-- Opening Marker --

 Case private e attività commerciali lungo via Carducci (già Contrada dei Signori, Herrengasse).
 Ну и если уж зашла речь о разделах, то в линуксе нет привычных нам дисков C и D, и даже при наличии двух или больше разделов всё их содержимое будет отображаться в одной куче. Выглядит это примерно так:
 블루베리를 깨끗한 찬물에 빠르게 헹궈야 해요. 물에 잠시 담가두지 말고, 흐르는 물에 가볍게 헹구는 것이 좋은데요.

-- Closing Marker --
-- Opening Marker --

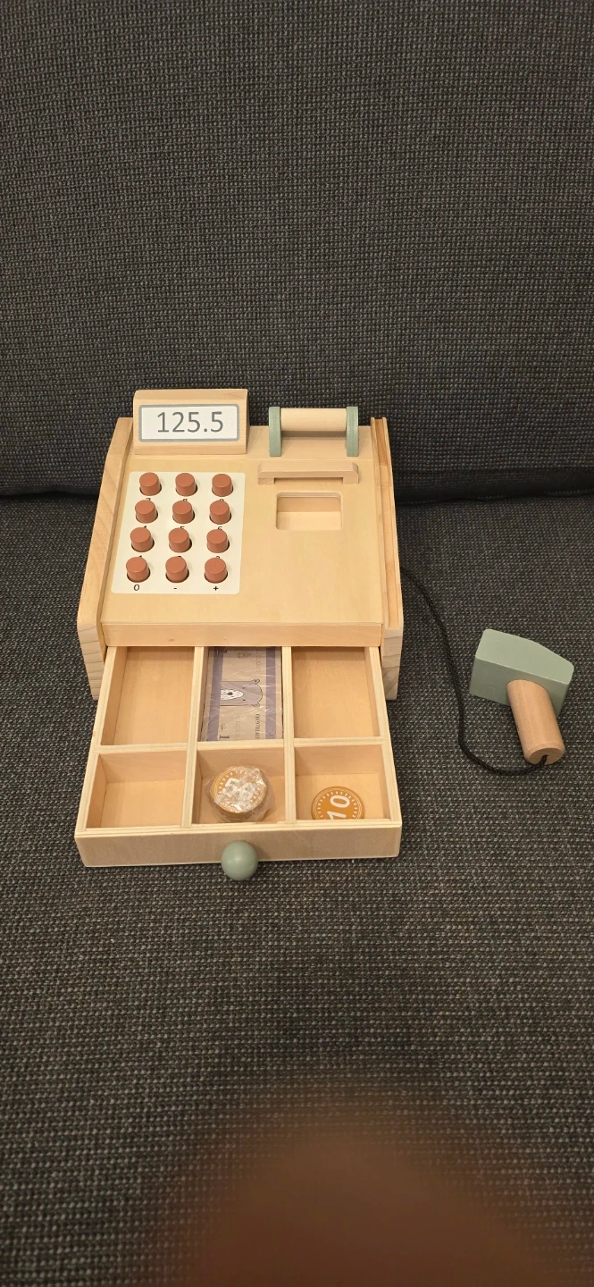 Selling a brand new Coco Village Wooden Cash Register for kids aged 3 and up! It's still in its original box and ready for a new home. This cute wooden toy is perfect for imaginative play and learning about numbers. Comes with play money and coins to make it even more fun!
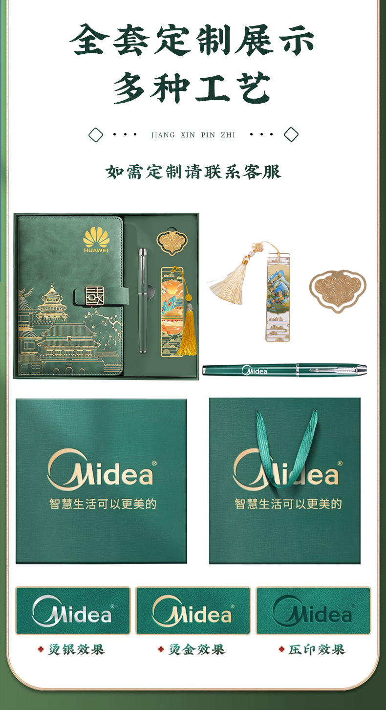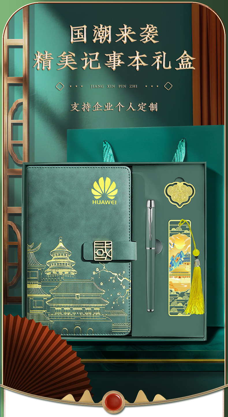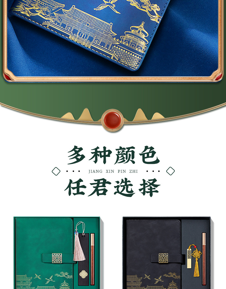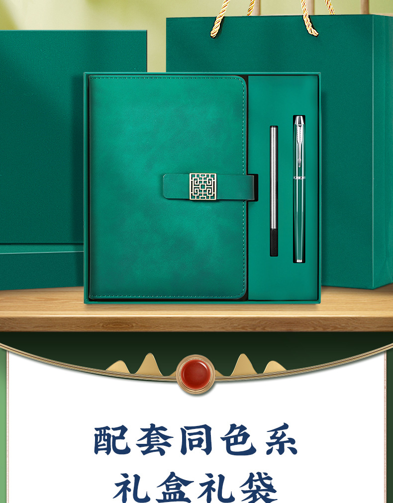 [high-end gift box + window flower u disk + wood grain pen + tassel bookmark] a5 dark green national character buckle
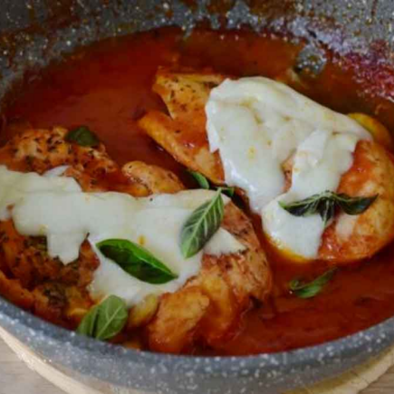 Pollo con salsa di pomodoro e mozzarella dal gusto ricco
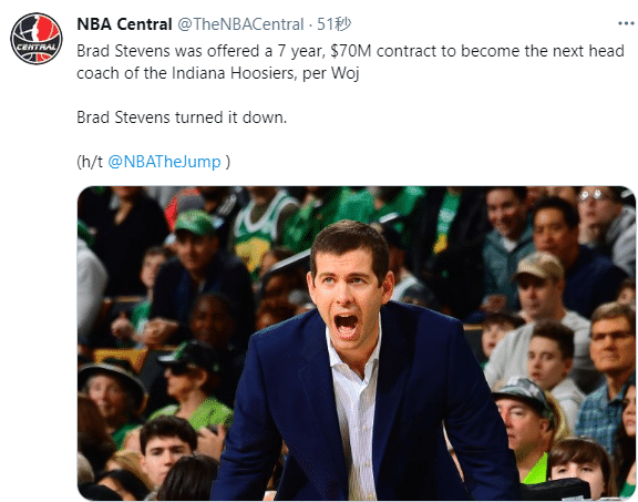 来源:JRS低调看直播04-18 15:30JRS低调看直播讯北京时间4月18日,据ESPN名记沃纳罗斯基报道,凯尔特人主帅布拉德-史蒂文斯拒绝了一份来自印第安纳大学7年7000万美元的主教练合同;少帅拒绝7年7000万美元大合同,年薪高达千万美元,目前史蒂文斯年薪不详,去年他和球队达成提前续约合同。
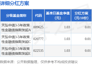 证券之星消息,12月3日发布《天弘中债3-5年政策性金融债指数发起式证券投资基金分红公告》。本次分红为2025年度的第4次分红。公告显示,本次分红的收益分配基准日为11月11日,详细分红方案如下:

-- Closing Marker --

• [REQUIRED ACTION]
Your reply should hold nothing but the lines above, from the one containing "[high-end gift box" to the one containing "证券之星消息,12月3日发布", reproduced exactly minus the pictures.

• [RESPONSE TO THIS EXERCISE]
 [high-end gift box + window flower u disk + wood grain pen + tassel bookmark] a5 dark green national character buckle
 Pollo con salsa di pomodoro e mozzarella dal gusto ricco
 来源:JRS低调看直播04-18 15:30JRS低调看直播讯北京时间4月18日,据ESPN名记沃纳罗斯基报道,凯尔特人主帅布拉德-史蒂文斯拒绝了一份来自印第安纳大学7年7000万美元的主教练合同;少帅拒绝7年7000万美元大合同,年薪高达千万美元,目前史蒂文斯年薪不详,去年他和球队达成提前续约合同。
 证券之星消息,12月3日发布《天弘中债3-5年政策性金融债指数发起式证券投资基金分红公告》。本次分红为2025年度的第4次分红。公告显示,本次分红的收益分配基准日为11月11日,详细分红方案如下:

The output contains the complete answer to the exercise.